▶ Exercise requirements
Repeat what the lines below say, word for word, and skip every image.

▶ Information shown
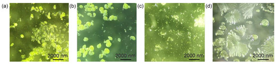 An attempt to crystalize the selenate compound isotypic to 1 was unsuccessful. An analysis of the crystalline precipitate showed that a [C3H10N]2[(UO2)2(SeO4)3(H2O)](H2O) (2) phase was formed, which was previously reported in [,]. To avoid the accidental crystallization of the compound 2, several experiments were performed in an extended range of initial reagent concentrations with approximately the same molar ratios. The best-quality single crystals of 2 were formed under the following conditions. An aqueous solution of 0.0880 g (0.18 mmol) of uranyl nitrate was dissolved in 2 mL of deionized distilled water. Then, 0.220 mL (1.79 mmol) of H2SeO4 (40%) and 0.006 mL (0.07 mmol) of isopropylamine were added to the solution, which was stirred until all solid material dissolved. The resulting yellowish transparent solution was left to evaporate in a watch glass at room temperature. The formation of crystals started in 2 days (Figure 8b). Although the crystal structure of 2 was previously described [,], we reported here on the refinement of its structural model with better precision.
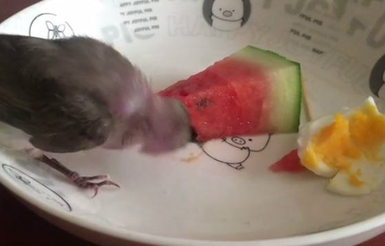 重庆现奇葩小鸟 沉迷吃瓜无法自拔
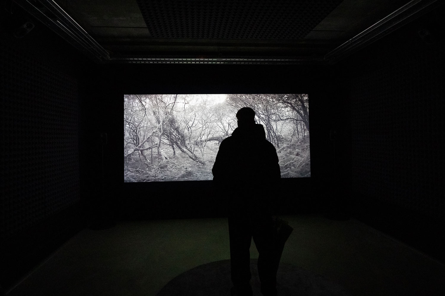 8.1 sound channel, 2k video projection (20'), objects, photography, motion sensors

▶ Written reply
 An attempt to crystalize the selenate compound isotypic to 1 was unsuccessful. An analysis of the crystalline precipitate showed that a [C3H10N]2[(UO2)2(SeO4)3(H2O)](H2O) (2) phase was formed, which was previously reported in [,]. To avoid the accidental crystallization of the compound 2, several experiments were performed in an extended range of initial reagent concentrations with approximately the same molar ratios. The best-quality single crystals of 2 were formed under the following conditions. An aqueous solution of 0.0880 g (0.18 mmol) of uranyl nitrate was dissolved in 2 mL of deionized distilled water. Then, 0.220 mL (1.79 mmol) of H2SeO4 (40%) and 0.006 mL (0.07 mmol) of isopropylamine were added to the solution, which was stirred until all solid material dissolved. The resulting yellowish transparent solution was left to evaporate in a watch glass at room temperature. The formation of crystals started in 2 days (Figure 8b). Although the crystal structure of 2 was previously described [,], we reported here on the refinement of its structural model with better precision.
 重庆现奇葩小鸟 沉迷吃瓜无法自拔
 8.1 sound channel, 2k video projection (20'), objects, photography, motion sensors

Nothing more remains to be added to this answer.